Мы познакомились на благотворительном вечере. Молитвами Монастырской я-таки стала вливаться в американское общество богатых и знаменитых. Пришлось непросто, ибо светской я никогда не была, но чтобы без лишнего геморроя строить свой бизнес нужны были связи, так что, сцепив зубы, я старательно улыбалась весь вечер и вела разговоры ни о чем, пока ко мне не подошел Анри и не спас меня от натужных попыток выглядеть своей среди чужих, предложив выпить у бассейна.
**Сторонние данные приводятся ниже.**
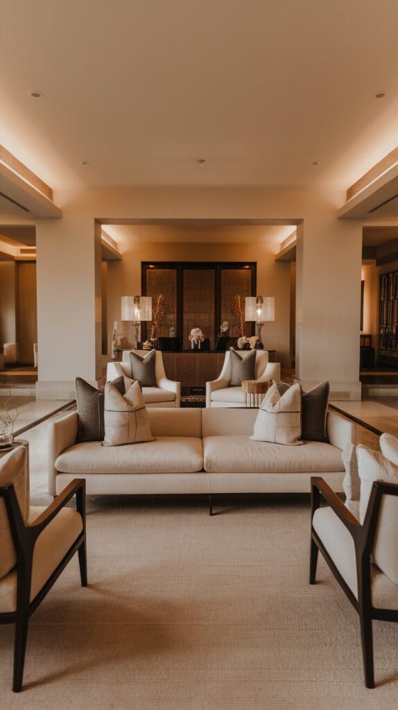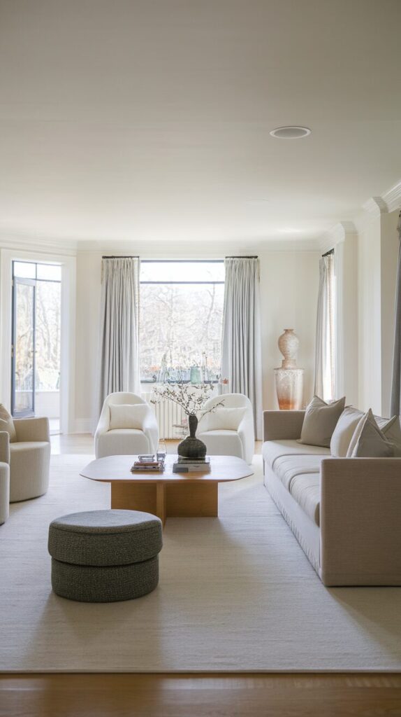 Here’s a design hack that adds instant depth: mix up the heights of your seating. Combine sofas, low chairs, poufs, and stools to create layers. The variation makes the room feel curated and full of dimension.

Ночь тогда была тихой, звездной, лишь пение цикад периодически нарушало сонную безмятежность. У меня немного кружилась голова от шампанского, но, если я и была пьяна то, только потому, что нашла благодарного слушателя, у которого мои идеи о ресторане для веганов, будущей франшизе и доставке уже готовых обедов здорового питания для людей с разными ограничениями, вызывали отклик и неподдельный интерес.
Анри как-то так сразу загорелся, включился в процесс, заявив, что ему это близко и что инклюзивность питания преступно игнорируется в сфере общепита, а значит мы должны это исправить. Набросав парочку ключевых моментов, мы договорились о сотрудничестве, а потом до утра проговорили обо всем на свете.
Той ночью я впервые по-настоящему гордилась собой и была счастлива от того, что кто-то меня услышал, кто-то воспринял всерьез и кто-то, кроме позвоночника, наконец, готов был поддержать.
Не знаю, возможно, двойного дна и нет, и я зря себя накручиваю. В конце концов, вкладываться в какое-либо предприятие только из-за понравившегося личика – идиотизм, но мужчины, ослеплённые страстью, умом в принципе не блещут. А страсть тут на лицо.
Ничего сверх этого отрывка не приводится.